WORK REQUIRED = Please reproduce the lines from the one containing "Appartamento moderno e" through the end of the data below exactly as they stand, and omit all pictures.

Data items:
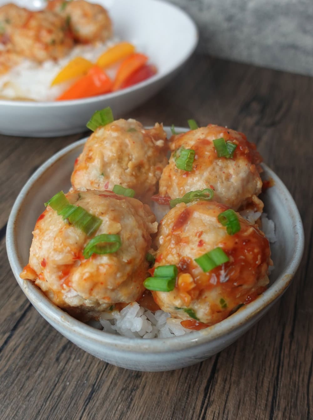 Serve these sweet chili chicken meatballs over white or brown rice and enjoy!
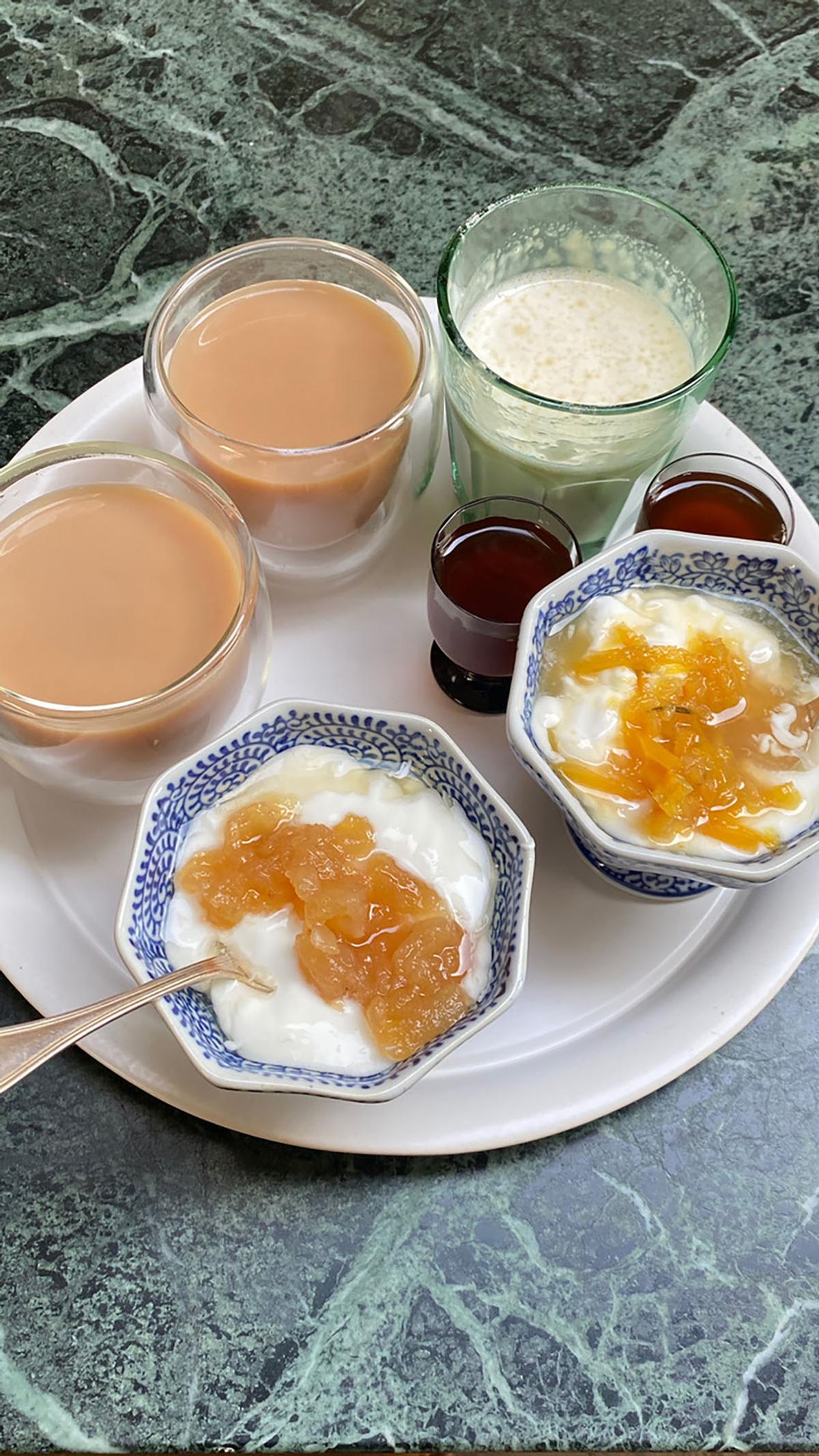 ミルクティ、プロテイン、今日の元気、ヨーグルト+林檎ジャム。
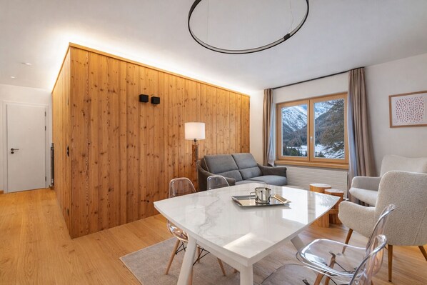 Appartamento moderno e luminoso a Pontresina, a solo 6 minuti da St. Moritz. Due camere, un bagno, zona giorno con divano letto, TV, tavolo da pranzo e cucina completa. Design pulito con finiture in legno e vista sulle montagne. Perfetto per famiglie, coppie o amici che desiderano comfort e stile in una posizione tranquilla con parcheggio incluso.
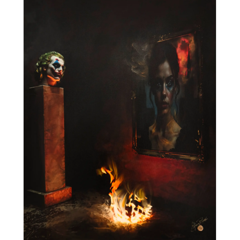 Descrizione: Vediamo da una parte, la forza distruttiva e anarchica rappresentata da Joker, dall’altra, la vulnerabilità e la ricerca di equilibrio incarnata dal ritratto femminile. due aspetti che possono convivere ed interagire, attraverso il fuoco simbolico della trasformazione, ci definiamo,
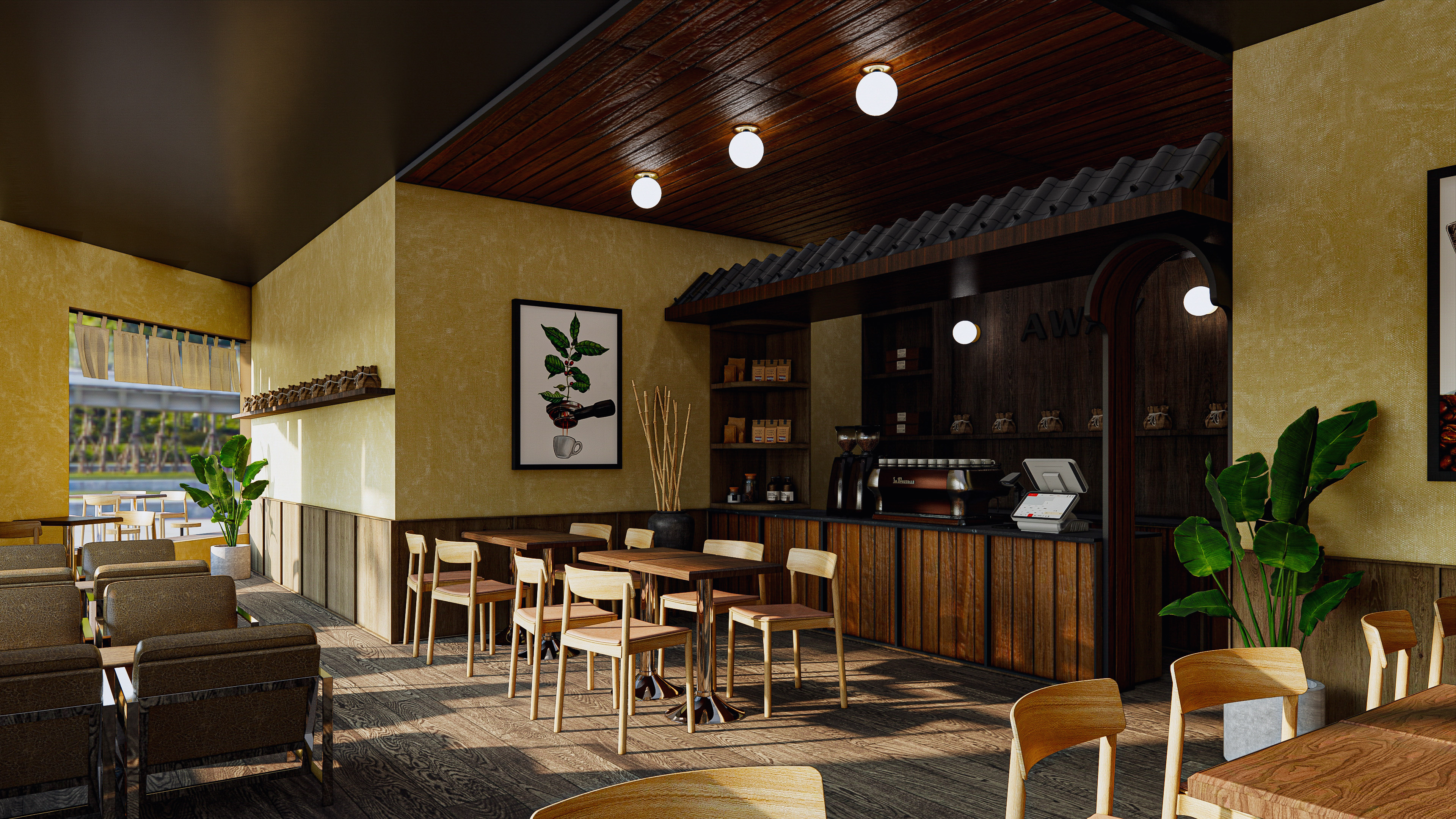 • Vận hành thông minh: quầy take-away ở nhịp trái cho giờ cao điểm; ổ điện ẩn, hút mùi & tiêu âm kín để giữ chất êm của quán.
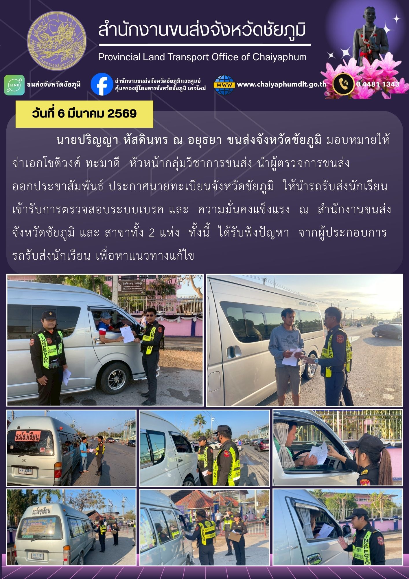สำนักงานขนส่งจังหวัดชัยภูมิ โดย นายปริญญา หัสดินทร ณ อยุธยา ขนส่งจังหวัดชัยภูมิ มอบหมายให้ จ่าเอกโชติวงศ์ ทะมาดี หัวหน้ากลุ่มวิชาการขนส่ง นำผู้ตรวจการขนส่ง ออกประชาสัมพันธ์ ประกาศนายทะเบียนจังหวัดชัยภูมิ ให้นำรถรับส่งนักเรียนเข้ารับการตรวจสอบระบบเบรค และความมั่นคงแข็งแรง ณ สำนักงานขนส่งจังหวัดชัยภูมิ และ สาขาทั้ง 2 แห่ง ทั้งนี้ได้รับฟังปัญหา จากผู้ประกอบการรถรับส่งนักเรียน เพื่อหาแนวทางแก้ไข
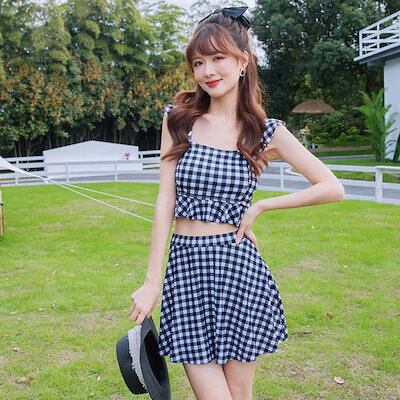 水着 レディース 2点セット ビキニ UVカット体型カバー着痩せ 韓国ファッション可愛い ゆったり
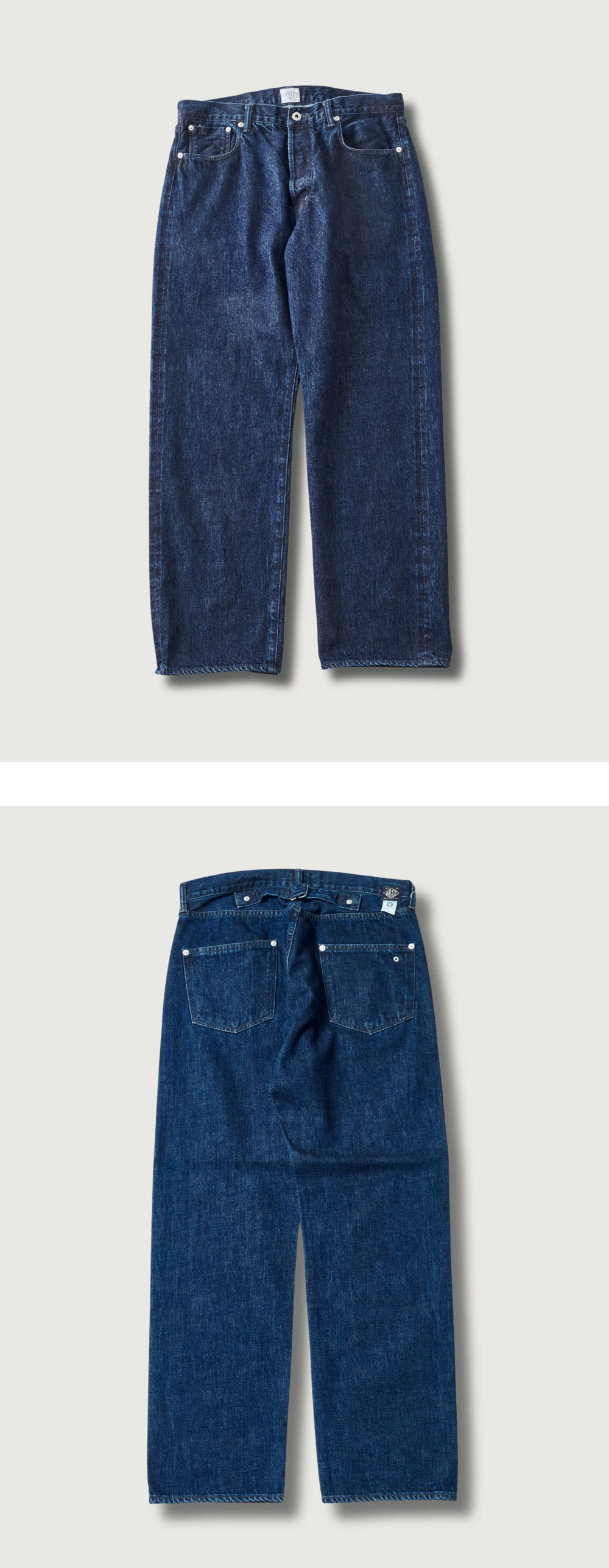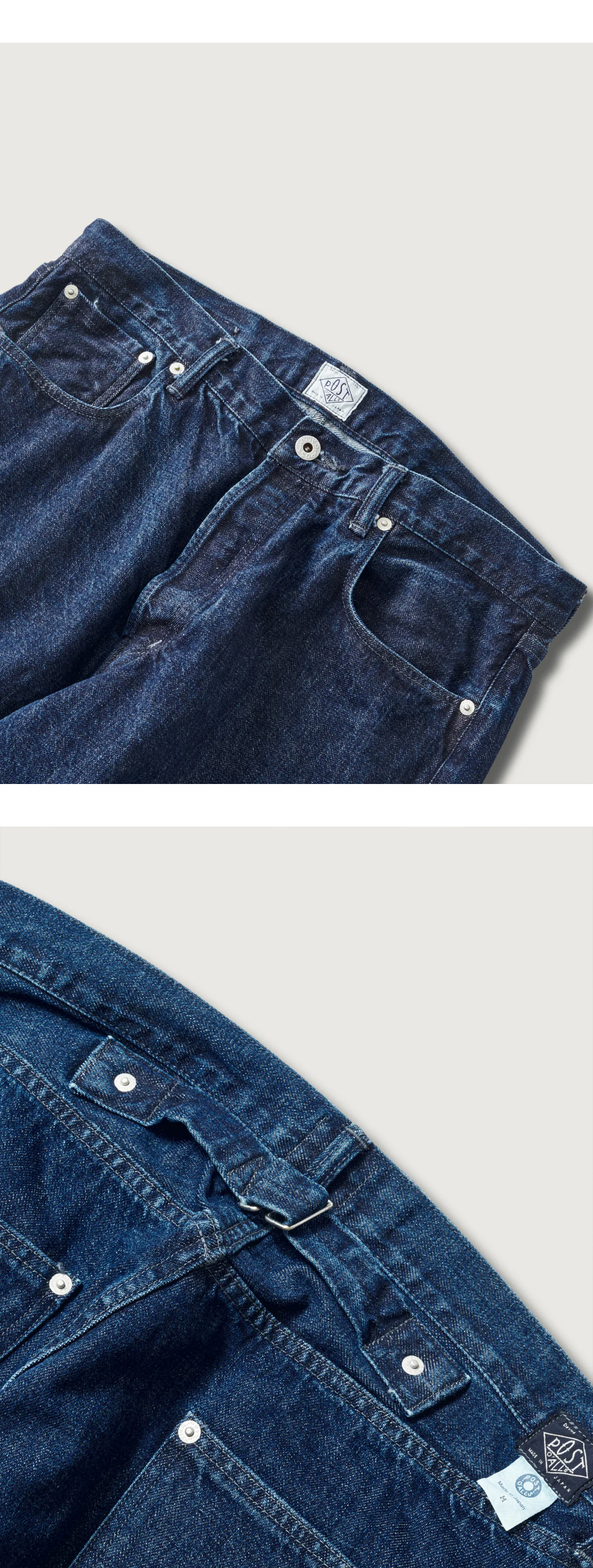 Levi’s 501을 기반으로 한 포스트 오버롤즈 No. 10 파이브 포켓 인디고 딥 워시입니다. - 빈티지 웨어와의 조화를 염두에 둔 디자인 - 적당히 루즈한 실루엣, 허리 백 스트랩, 힙 포켓의 노출 리벳 디테일 - 익숙하면서도 새롭게 느껴지는 핏으로 다양한 스타일에 자연스럽게 어울리는 아이템

RESPONSE TO THIS EXERCISE =
 Appartamento moderno e luminoso a Pontresina, a solo 6 minuti da St. Moritz. Due camere, un bagno, zona giorno con divano letto, TV, tavolo da pranzo e cucina completa. Design pulito con finiture in legno e vista sulle montagne. Perfetto per famiglie, coppie o amici che desiderano comfort e stile in una posizione tranquilla con parcheggio incluso.
 Descrizione: Vediamo da una parte, la forza distruttiva e anarchica rappresentata da Joker, dall’altra, la vulnerabilità e la ricerca di equilibrio incarnata dal ritratto femminile. due aspetti che possono convivere ed interagire, attraverso il fuoco simbolico della trasformazione, ci definiamo,
 • Vận hành thông minh: quầy take-away ở nhịp trái cho giờ cao điểm; ổ điện ẩn, hút mùi & tiêu âm kín để giữ chất êm của quán.
สำนักงานขนส่งจังหวัดชัยภูมิ โดย นายปริญญา หัสดินทร ณ อยุธยา ขนส่งจังหวัดชัยภูมิ มอบหมายให้ จ่าเอกโชติวงศ์ ทะมาดี หัวหน้ากลุ่มวิชาการขนส่ง นำผู้ตรวจการขนส่ง ออกประชาสัมพันธ์ ประกาศนายทะเบียนจังหวัดชัยภูมิ ให้นำรถรับส่งนักเรียนเข้ารับการตรวจสอบระบบเบรค และความมั่นคงแข็งแรง ณ สำนักงานขนส่งจังหวัดชัยภูมิ และ สาขาทั้ง 2 แห่ง ทั้งนี้ได้รับฟังปัญหา จากผู้ประกอบการรถรับส่งนักเรียน เพื่อหาแนวทางแก้ไข
 水着 レディース 2点セット ビキニ UVカット体型カバー着痩せ 韓国ファッション可愛い ゆったり
 Levi’s 501을 기반으로 한 포스트 오버롤즈 No. 10 파이브 포켓 인디고 딥 워시입니다. - 빈티지 웨어와의 조화를 염두에 둔 디자인 - 적당히 루즈한 실루엣, 허리 백 스트랩, 힙 포켓의 노출 리벳 디테일 - 익숙하면서도 새롭게 느껴지는 핏으로 다양한 스타일에 자연스럽게 어울리는 아이템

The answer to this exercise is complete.